# כדאי vs. אמור vs. צריך



## sawyeric1

I've seen both used for "should". So is there any difference in meaning and usage? 

Thanks


----------



## origumi

התרגום של 'כדאי' במילון מורפיקס


----------



## slus

אמור is usually translated to "supposed to"
כדאי is closer to "should" (in this context)


----------



## amikama

אמור is "supposed to".
השעה עשר בלילה, הוא אמור להיות כבר בבית.‏
למה החולצה יצאה ורודה ממכונת הכביסה? זה לא אמור להיות ככה.‏

כדאי is "worth it", used in contexts of recommendation, advice etc.
זה ספר מעולה, כדאי לך לקרוא אותו.‏
הספה הזו עולה הרבה כסף, לא כדאי לקנות אותה.‏


----------



## sawyeric1

Are כדאי and צריך interchangeable?


----------



## Drink

sawyeric1 said:


> Are כדאי and צריך interchangeable?



No, כדאי is an adverb that means "worthwhile", and צריך is an adjective that functions like a verb meaning "to need". Totally different.


----------



## sawyeric1

I find it interesting that people use כדאי even for personal statements, expressing the form of a suggestion to themselves. Ex:

I have no idea what I should do today
אין לי שום רעיון מה כדאי לעשות היום


----------



## shalom00

Again, that would mean, I have no idea what it is worthwhile for me to do today.
Such as when you have more than one choice and wonder what is the better one.


----------



## sawyeric1

sawyeric1 said:


> Are כדאי and צריך interchangeable?





Drink said:


> No, כדאי is an adverb that means "worthwhile", and צריך is an adjective that functions like a verb meaning "to need". Totally different.





Flaminius said:


> The most common expression for "You should do something" is _ata tsarikh + infinitive_, where _trarikh_ is an adjective with conjugations; _tsarikh_, _tsrikha_, _tsrikhim_, _tsrikhot_.

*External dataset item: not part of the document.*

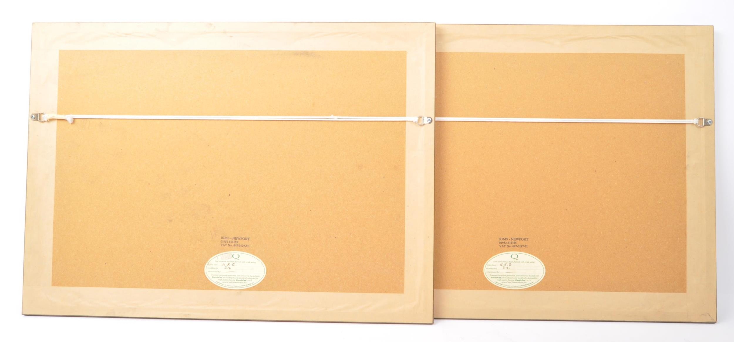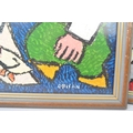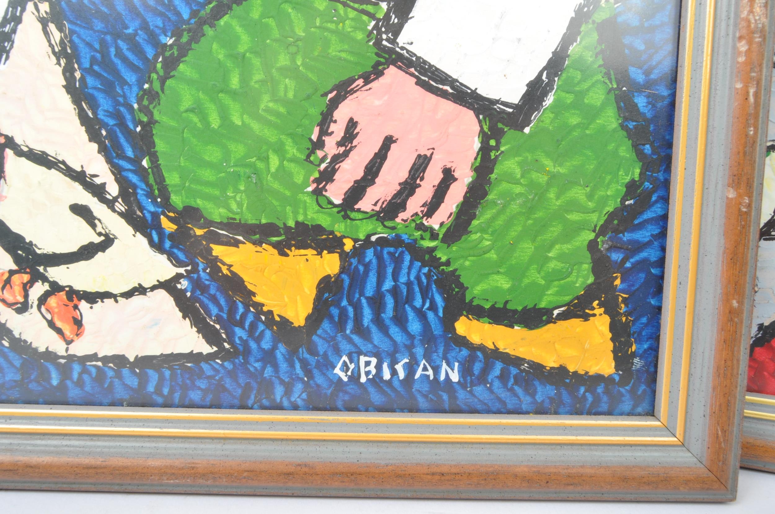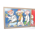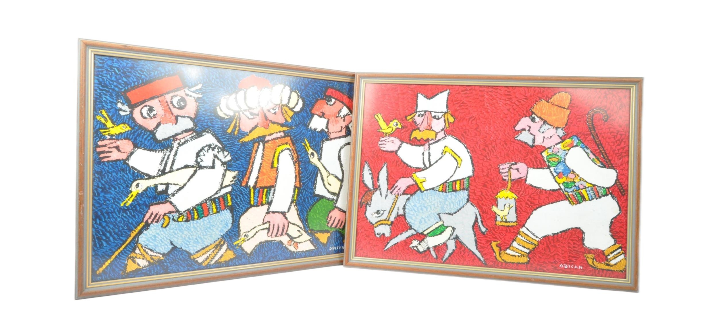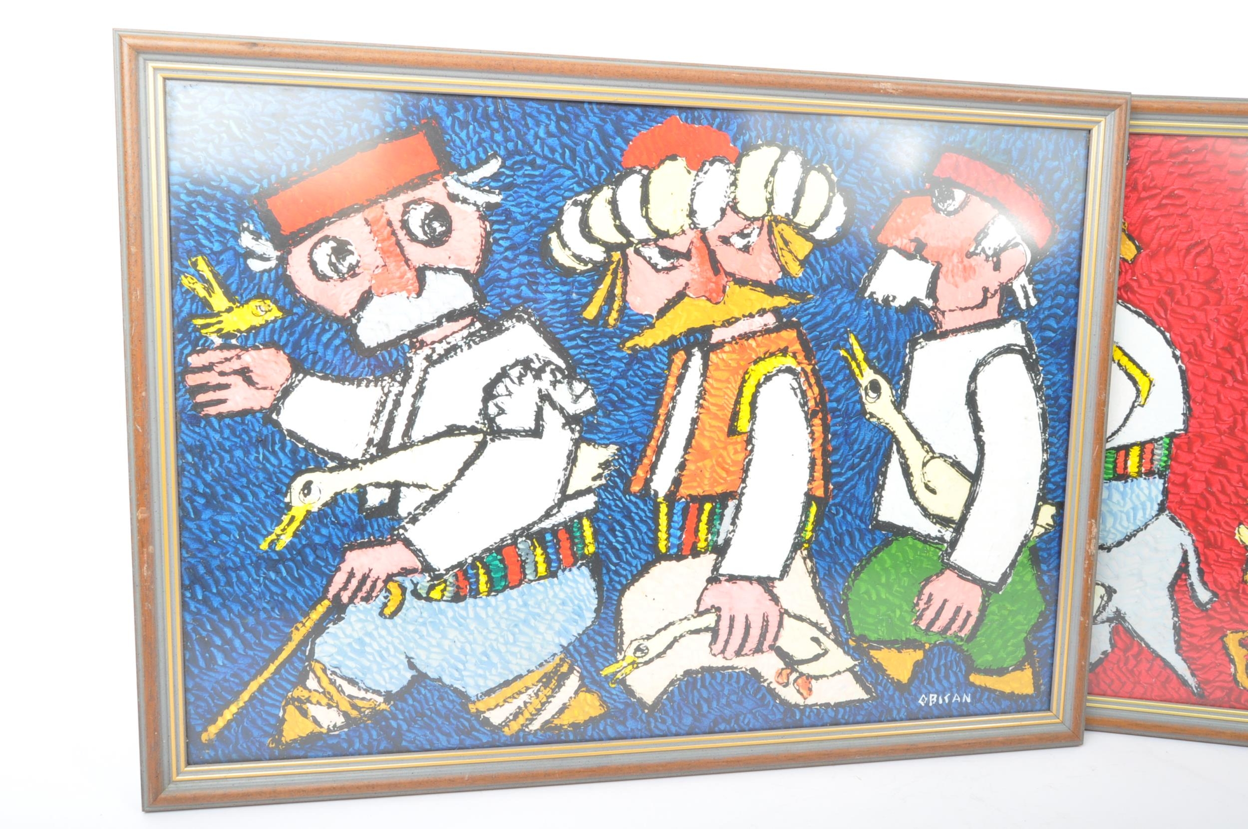 Jovan Obican (French, 1918 - 1986) - A pair of vintage 20th century acrylic on paper from the French painter & lithographer J. Obican depicting pair of man with donkey & birds, together with another depicting three men. Both the original paintings signed to bottom right. Framed & glazed. Each measuring approx. 54 x 39cm.

EDIT: So כדאי and צריך are not totally different if they can both mean "should"


----------



## amikama

Drink and Flaminius are right. What is your question?

EDIT:


> So כדאי and צריך are not totally different if they can both mean "should"



Well, yes, in some cases you _could _translate both of them as "should", but it does not necessarily mean they have the same meaning in Hebrew (maybe "should" has several nuances that are expressed differently in Hebrew?). They are quite different, if not totally different.


----------



## Ali Smith

Another thing worth mentioning is that לא צריך does not mean “You don’t have to...”
It means “You should not...”
For example, לא צריך לעשות ככה means “You should not act this way.”, not “You don’t have to act this way.”


----------



## shalom00

It depends on context.
For example, if someone asks whether he needs to do something, you can answer, "לא צריך," meaning, "It's not necessary." (You can if you want, but you don't have to. There is no need.)


----------



## amikama

Ali Smith said:


> לא צריך does not mean “You don’t have to...”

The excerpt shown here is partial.